И он погрузился в объяснение какой-то хитроумной схемы орошения, где главную роль играли велосипедные цепи и старые покрышки от «Победы». Я всё кивал, чувствуя себя уже китайским болванчиком. думая о том, что нафига я тут сижу и слушаю пьяные откровения астраханского Кулигина о системах полива арбузов? Может познакомиться с какой-нибудь симпатичной пассажиркой? Я обвел похотливым взором ресторан, но никого из подходящих по внешности и возрасту не обнаружил. Разве что официантка, но ей сейчас не до меня. А не заглянуть ли вечерком в служебку к Инне. Вон она на меня как зыркнула. А что, хорошая мысль… взять шампусика… какой-нибудь десерт…

– Эх, жизнь-то какая пошла! – вдруг сменил тему Тучков, отхлебнув портвейна. – Все спешат, бегут куда-то. А куда бежать-то? От себя не убежишь! Вот ты, парень, зачем в Астрахань едешь?

Я замер с вилкой в воздухе. Что ответить? Не рассказывать же про икру и авантюру с музыкальной группой.

– За мечтой, – сказал я уклончиво.

– За мечтой? – Тучков прищурился. – Это дело хорошее. Только смотри, парень, мечта – она как конденсатор: перегреешь – взорвётся. А недогреешь – толку не будет.

В его пьяной философии было что-то пророческое. Я невольно вспомнил Брюса, его холодные глаза, расписку на десять тысяч… Действительно, как бы не перегреть «конденсатор».

За соседним столиком компания военных затянула «Ой, мороз, мороз». Официантка с подносом, уставленным пустыми бутылками, ловко лавировала между столиками. Вагон-ресторан жил своей особой жизнью – маленький плацдарм свободы в регламентированном мире советских железных дорог.
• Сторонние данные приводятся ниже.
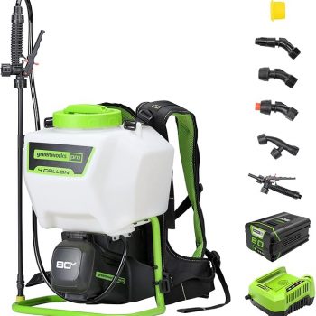 Amazon:$189.98 ($269.99)Greenworks 80V Backpack Sprayer 4 Gallon,Battery Powered Backpack Sprayer Kit for Weeding, Spraying, Pest Control, 2Ah Battery and Charger Included, Green, 80V Sprayer Kit (2.0Ah)

Я ковырял вилкой последний кусочек мяса и пытался вникнуть в очередной гениальный проект Тучкова по оптимизации работы судовых дизелей с помощью системы обратного выхлопа через камбуз (чтобы заодно и пищу готовить, экономя топливо). Идея была настолько бредовой, что даже завораживала. Этот человек был не просто Кулигиным, он был Леонардо да Винчи районного масштаба, только вместо летательных аппаратов он изобретал вечный двигатель для проржавевшего траулера.

– Слушай, механик, – решился я прервать его тираду о преимуществах квадратных поршней, пока мой мозг окончательно не расплавился от обилия технических терминов. – А вот ты все про колхозы, про насосы… А сам-то чем занимаешься в свободное от великих изобретений время? В смысле, где трудишься официально? Для галочки, так сказать?

Тучков отложил карандаш, посмотрел на меня с хитрым прищуром, словно я задал вопрос с подвохом, и вновь отхлебнул портвейна.

– А я не говорил, что ли? – он даже немного обиделся. – Я ж тебе толкую про судно наше!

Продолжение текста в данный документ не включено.